I will admit to authoring 2-4 Chef posts of very minor importance. It was momentarily amusing. I have my own troll waiting in the wings if I decide to go down that road though. I prefer my own ideas.

You're probably better off.  Roger might amuse, but I wouldn't want to live near him.

Chaplin_Sinatra_Fonzarell

Quote from: EfrimAs for the matter of Roger,Äôs requests, there was only one was of relevance to this board. The password for the Chef moniker has been given to me, and I have been requested to auction it off among the members of the board. I will be entertaining PM,Äôs on this matter over the next few days. Bids are not limited to cash. If you feel you are worthy let me know.

I'll give you a picture of people cosplaying as fast food mascots and the soundtrack to the movie Head in mp3 form
Chaplin Sinatra Fonzarelli, G.G.L.F., C.L.F., L.F.L.F., R.M.S.T.A., R.P.C.V., N.C.c., T.R.R.R., W.I.T.C.H., W.P.P., V.P.D.F.Y.S., S.C.U.M., I.G.R.S.A.F.D.S.K.S.K.J.J.J.S.Y.Y.D.F.D.K.D.S.F.K.S.D.K.J.L.K.F.G.K.S.D.G.G.J.R.J.S.T.S and other various divisions of the Maude Senger cabal of the Pantheo-Anametamystikhood of Eris Esoteric, and President for Life of the Holy Empire of Ayatollah Discordiolla

img]http://www.dontyouwantmebaby.com/fark/bond_077_hasselhoff_animate.gif[/img]

doubtless incident

goodbye roger. crap.

i gave myself away in a contest too but then i changed the password and kept myself.
TIMMYYYYY!!!!!!

Ghost In The Machine

Quote from: doubtless incidentgoodbye roger. crap.
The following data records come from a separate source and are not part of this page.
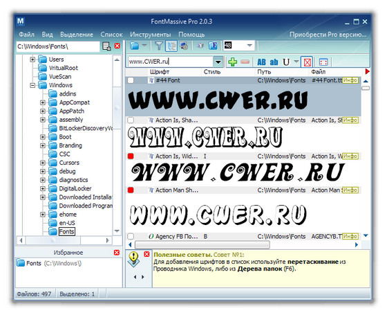FontMassive - список шрифтов, установка/удаление, таблица символов, просмотр символов в кривых, снимки состояний установленных шрифтов, мн. другое.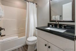 Surfside Studio, Steps to Ocean, Adorable remodeled studio, walking distance to the ocean in beloved, Pacific Beach! Experience the charm of our beachside haven while making unforgettable memories in this tranquil and inviting setting! Please note: this is a true studio with no separate bedroom. Highlights of this cozy abode include a comfortable queen bed, a ceiling fan and A/C to keep you refreshed, small high-top table with 2 stools, plus a flat-screen, Smart TV to watch your favorite movies and shows. You'll appreciate the sleek kitchenette, complete with a mini refrigerator, 2-burner stove, microwave, and coffee maker. Freshen up in the combo tub/shower after a day at the beach or exploring the nearby attractions. Right outside your door, you'll discover a small patio area with a bistro table with seating for two. There is also an outdoor BBQ and a stacked washer and dryer on-site for your convenience. We understand that pets are part of the family, so feel free to bring your furry friends along for the adventure. This studio is within walking distance to the beach, so you can easily spend your days lounging in the sun, swimming in the ocean, or taking romantic sunset strolls along the shoreline.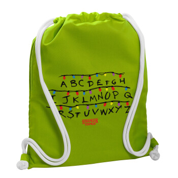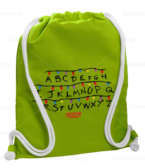 Stranger Things ABC, Τσάντα πλάτης πουγκί GYMBAG LIME GREEN, με τσέπη (40x48cm) & χονδρά κορδόνια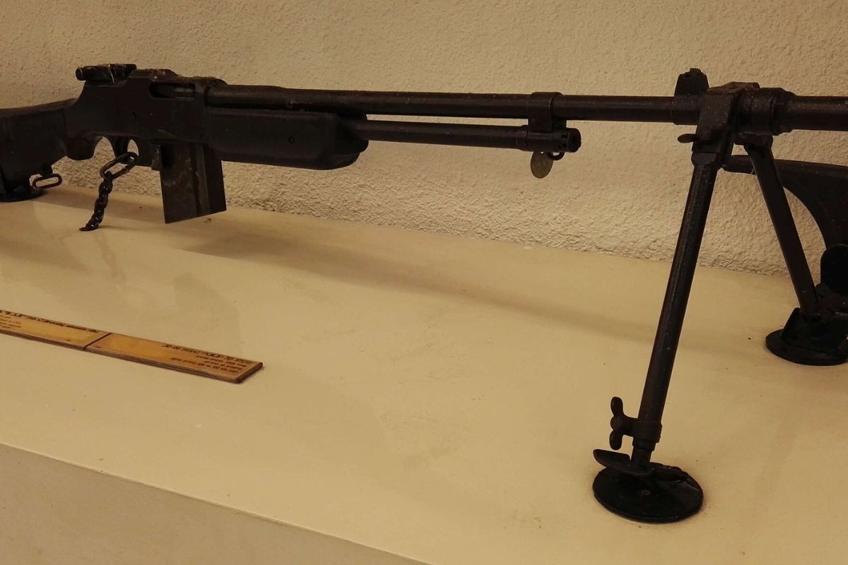 The Browning Automatic Rifle served as a bridge between rifles and machine guns. Chambered in .30-06, it delivered powerful automatic fire while remaining portable. Soldiers used it to advance under fire and hold defensive positions. Its solid construction handled sustained use without failure. Though heavy, it offered reliability that few modern light machine guns can match. The BAR’s long barrel, bipod, and wooden stock give it a commanding appearance. It remains a symbol of dependable firepower carried directly into battle by infantry troops.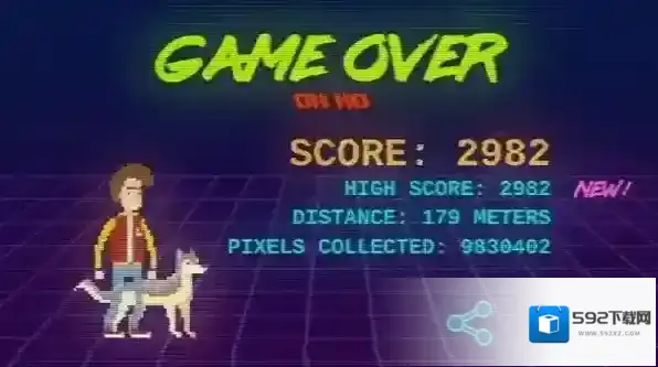 1、进入游戏后,在霓虹闪烁的城市场景中操控角色起跑,通过点击屏幕完成跳跃动作跨越路障,向下滑动实现滑行躲避低矮障碍,首次遭遇旋转齿轮时需把握时机连续跳跃通过。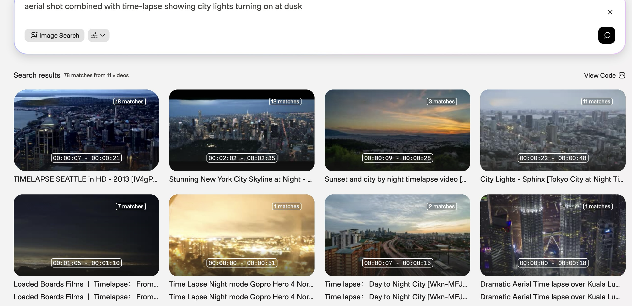 Initial query: Use “city time-lapse” as your initial query. The results might include various types of city footage: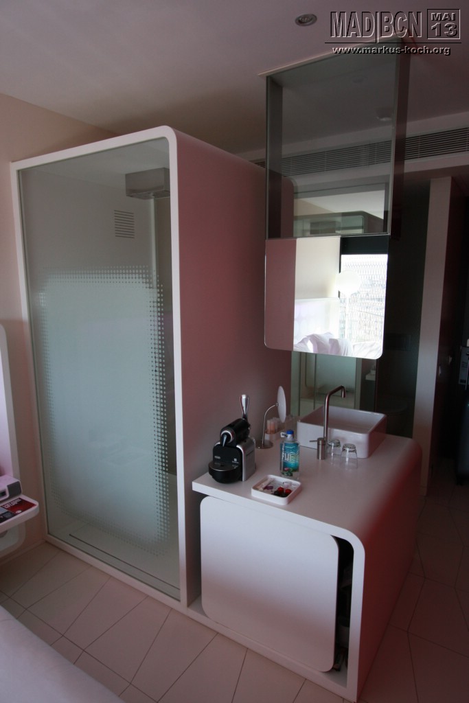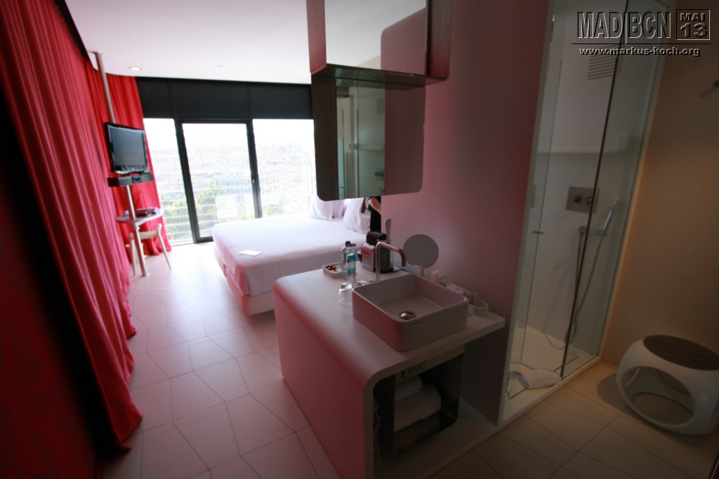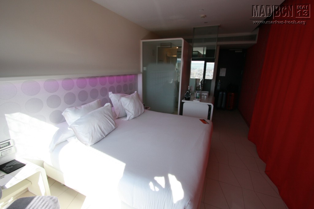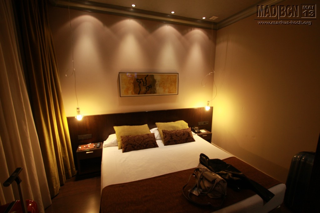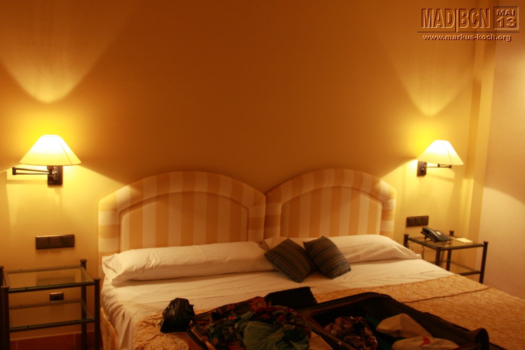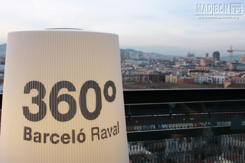 Check-In im Hotel Barcelo Raval & kurze Erholungspause. Das Hotel ist wie ein Zylinder als Designhotel aufgebaut. Sehr stylisch vom Fitnessstudio im Keller über den Ground Floor mit Lounge und Empfang, weiter über unser Zimmer im 9. Stock mit Blick über das Nord-Westliche Barcelona, bis hin über die Dachterasse im 11. Stock mit 360°Grad View über ganz BCN. Echt klasse! Bilder nur vom Hotel gibts unter den Bildern für diesen Tag zu sehen 🙂

Don't look at it like a problem, see an opportunity.

Now we can play "Where in the world is Carmen Sandiego", IRL!

doubtless incident

i'm a where's waldo man myself.
TIMMYYYYY!!!!!!

Efrim

Quote from: Ghost In The Machine
Quote from: Efrim
Quote from: SssBella, Oracle of DoomI don't want it, either.
I already have a perfectly good troll that I share with slothrop and Maxwell's Demon. :twisted:

Well, you two may not want it, but I already have a couple offers.

I will admit to authoring 2-4 Chef posts of very minor importance. It was momentarily amusing. I have my own troll waiting in the wings if I decide to go down that road though. I prefer my own ideas.

You're probably better off.  Roger might amuse, but I wouldn't want to live near him.

No, you wouldn't.
"There comes a time when every man feels the urge to spit on his hands, hoist the black flag, and start slitting throats." -- H.L. Mencken

L,
Efrim

LMNO

Bye Roger.

See you tomorrow.  :lol:




(PS - After the last two incidents, I most certainly am calling Shenanagins on this).